Thursday, April 30, 2020

Foul Ball!


A tangent inspired from a men’s meeting filled with enough baseball coaches to run a team and baseball minded men to field one:


We have been playing this game since birth. The Game of Life. According to some theologians and philosophers we’ve been rigging the game since our first breath, if not outright cheating at it. Original sin, some call it. I’ll leave it to you to figure out when you started moving the pieces when you thought nobody was looking and you can determine the why of it all for yourself. That’s not the point here; well, other than a starting point.

We have runners on base in our game regardless of how far along we were when Spring Training Interuptus struck. Nevertheless,  the game of life continues. We have people we want to see on first, things we gotta do on second, and maybe our future on third. Runners all over the place – some at peril of the force out while other are vulnerable to the pick-off. The pitcher is crafty, he’s throwing heat and the hook, the backdoor-slider and the spitball and there doesn’t appear to be anyone to check for the hidden emery board or foreign substances.

We are in the midst of a long at bat with a three and two count and something less than two outs. It seem as though it doesn’t matter if we are knocked down by a pitch because it hits the bat for a foul ball and the count remains full anyway. We have to swing at everything because the umpire is sometimes sane and into the game while at other times he’s coming from left field and everything has been called a strike. We don’t hear a trash can lid or a whistle and the buzzer in our wristband stopped working in the third inning.

There are runners in scoring position. All we have to do is squirt the ball through an infield with a major shift on, even players shifted from the bench to the field and there must be fifteen studs spread out between the foul lines, one or two straddling the lines and it feels like the only safe hit will be into the stands, fair or foul. Studettes too, it’s a friendly coed game, right? No pressure, the game’s not fair.

Your runners are tired, they’ve been breaking on every pitch because the run-and-hit has been called every windup. You’re tired because you’ve swung at everything since the count went full and you’ve had to pick yourself up and climb back into the box for an eternity. Here comes the heater and you swing hitting the ball foul right into fastball alley and you hope a spectator doesn’t get brained. The ball gets tossed back at you from the stands. What the heck, this is a home game!

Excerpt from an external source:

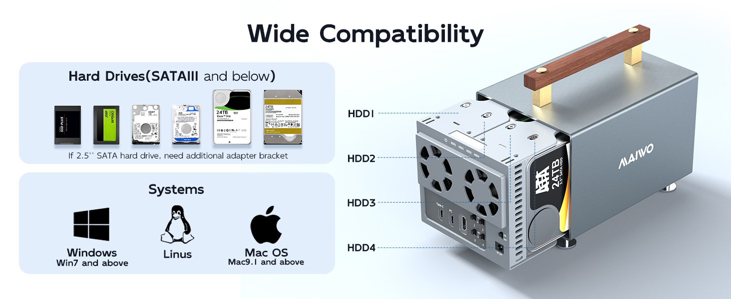 The MAIWO 4-Bay Hard Drive Enclosure is a professional-grade external storage solution featuring SATA III chipset and USB 3.2 Gen2 for blazing 10Gbps transfer speeds. It supports up to 96TB total capacity across four 3.5-inch SATA HDD bays, with independent power switches for each drive. Crafted from aluminum alloy with dual cooling fans, it ensures optimal heat dissipation. Additional features include daisy chain support, 4K HDTV compatibility, and a compact, portable design with a removable handle, making it ideal for demanding multitasking environments across Windows, Mac, and Linux platforms.

The runners on base slog back and touch the base. At this stage of the game it’s about the only rule in force and it’s most important to touch up before the next pitch is thrown or the runner will be called out. The pitcher knows this and is ready to quick-pitch when the ump isn’t looking. Nevertheless, your runners know and are faithful to do it while you give them time keeping one foot in and the other out the batter’s box until the runners are reset. While you watch them the base-coaches and runners are both restored and refreshed when the base has been touched. They are more relaxed, focused, and ready for the next pitch. All you need to do is put the ball in play past the drawn-in fielders and you will bring a runner home.

Even if you feel like doing it, don’t lean into the pitch to ‘take one for the team’ and move the game along. With this umpire, he’ll call you on it and with two strikes already you’ll be out and walking to the dugout with no way for you to advance your runners.

Shoot, there are less than two outs. All you really need to do is put a ball deep enough and the runners can tag up and advance. The keys being tagging up and timing their sprint to the next base.

These days with our world turned sideways and the rule-book thrown in the dumpster we need to remember the one good and safe rule - Tag Up! Touch the base and check in with your base coach for the next sign. Take a load off even if for just the span of one pitch. Relax, be ready, and stay sharp. Check in with your friends and family, the people you work with, play with, or do business with. Check the batter; make sure he or she is ready for the pitcher to make his next play. And pray. When all is said and done, that’s the base we need to touch.

In His grip,

jerry

Hebrews 10:23-25 “23Let us hold unswervingly to the hope we profess, for he who promised is faithful. 24And let us consider how we may spur one another on toward love and good deeds(to run the bases), 25not giving up meeting together (be it from six feet away or some sort of chat), as some are in the habit of doing, but encouraging one another--and all the more as you see the Day approaching(the next pitch).



Wednesday, April 22, 2020

A Believer’s Quarantine Protocol



In our home we are easily five weeks into shelter-at-home as we adopted those initiatives early on so that we could be the safest possible when we went out to Ely, Nevada to help with our daughter’s family during the time she delivered her second child via C-section. I haven’t met friends in person with the exception of blessed happenstance and on provisioning runs in all that time. But I have attended several Zoom meetings with various committees of the church and held an online class for our communicants. I have listened and watched a few online bible studies and worship services. Today was the first live Zoom meeting with a group of believers in order to read scripture, pray, and share. I’ve missed the men of our Wednesday morning gatherings and this was a much-needed time for me; in fact, I’d say it was priceless and won’t go so far as to put a value to it.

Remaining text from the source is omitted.